**Supplied information:**
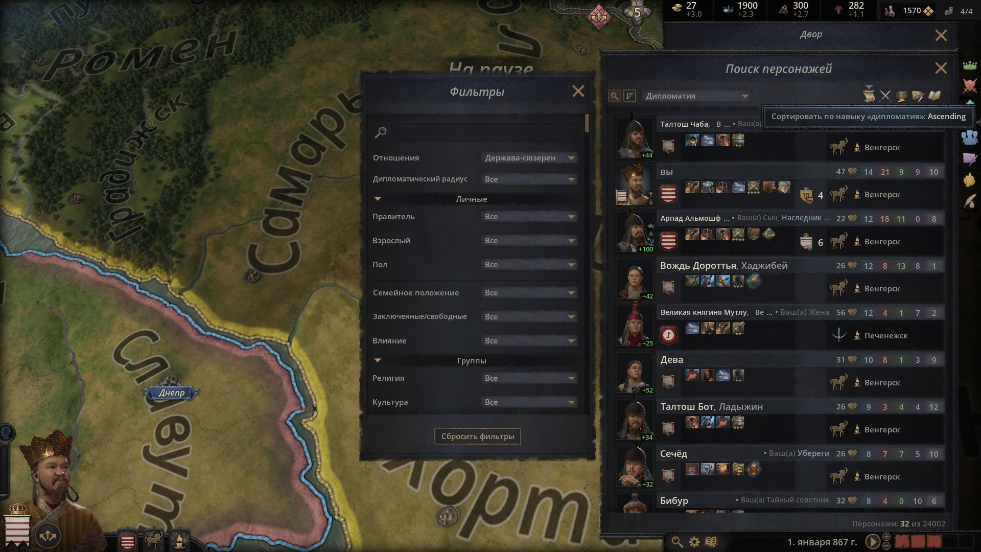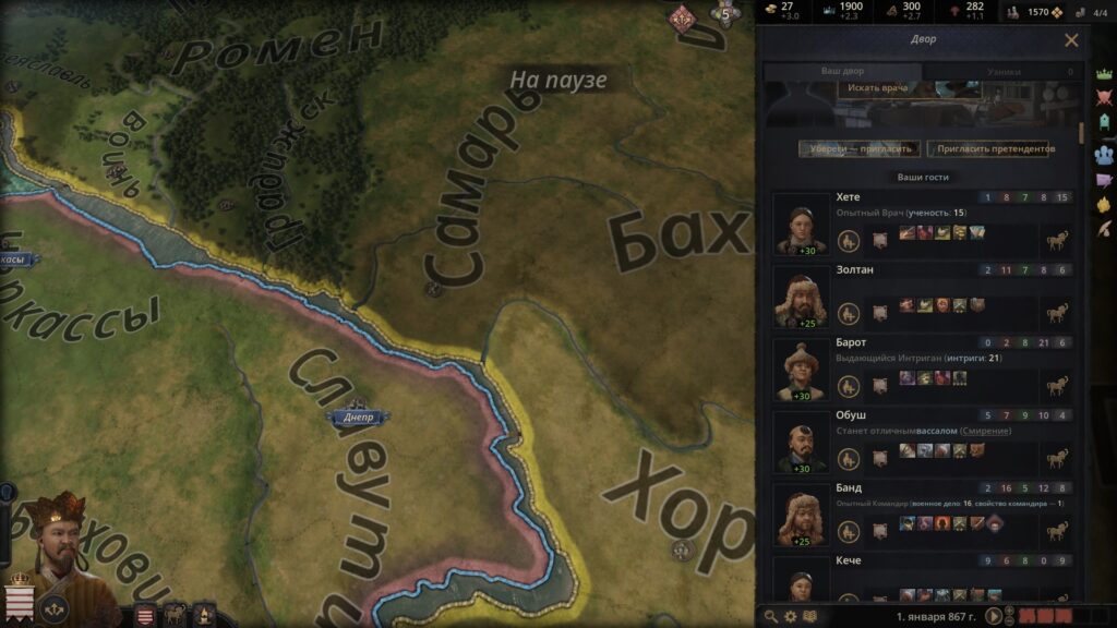 Прежде всего, оцените существующих претендентов – в совет могут попасть лишь ваши придворные. Посмотрите среди них на персонажей с искомым высоким навыком (для Управляющего – управление, для Маршала – военное дело и так далее), благо в игре реализованы очень удобные фильтры, которые помогают облегчить поиск. На первых порах значение в районе 15-18 будет достаточным. Однако, в большинстве случаев у вас при дворе не окажется скилловых советников для каждой должности. В этом случае стоит осмотреться в поисках хороших кандидатов в соседних землях. Обратите внимание на персонажей, которые хорошо относятся к вам – призвать их к своему двору больше шансов. Но и даже тогда, может не найтись подходящих людей. Что же делать?
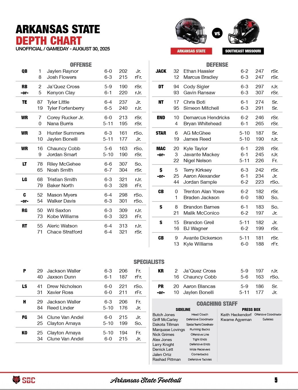 Arkansas State has released its official depth chart for Saturday’s season opener against Southeast Missouri, giving Red Wolves fans their first detailed look at how the roster will line up to start the 2025 campaign.
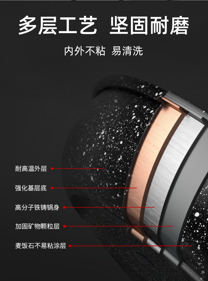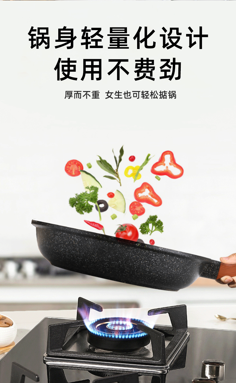 復合底快速導熱省氣省電,有質感、健康材質,不粘煎鍋,好用易清洗

**Exercise aim:**
With the pictures left out, write out all of the data exactly.

**Answer for the task:**
 Прежде всего, оцените существующих претендентов – в совет могут попасть лишь ваши придворные. Посмотрите среди них на персонажей с искомым высоким навыком (для Управляющего – управление, для Маршала – военное дело и так далее), благо в игре реализованы очень удобные фильтры, которые помогают облегчить поиск. На первых порах значение в районе 15-18 будет достаточным. Однако, в большинстве случаев у вас при дворе не окажется скилловых советников для каждой должности. В этом случае стоит осмотреться в поисках хороших кандидатов в соседних землях. Обратите внимание на персонажей, которые хорошо относятся к вам – призвать их к своему двору больше шансов. Но и даже тогда, может не найтись подходящих людей. Что же делать?
 Arkansas State has released its official depth chart for Saturday’s season opener against Southeast Missouri, giving Red Wolves fans their first detailed look at how the roster will line up to start the 2025 campaign.
 復合底快速導熱省氣省電,有質感、健康材質,不粘煎鍋,好用易清洗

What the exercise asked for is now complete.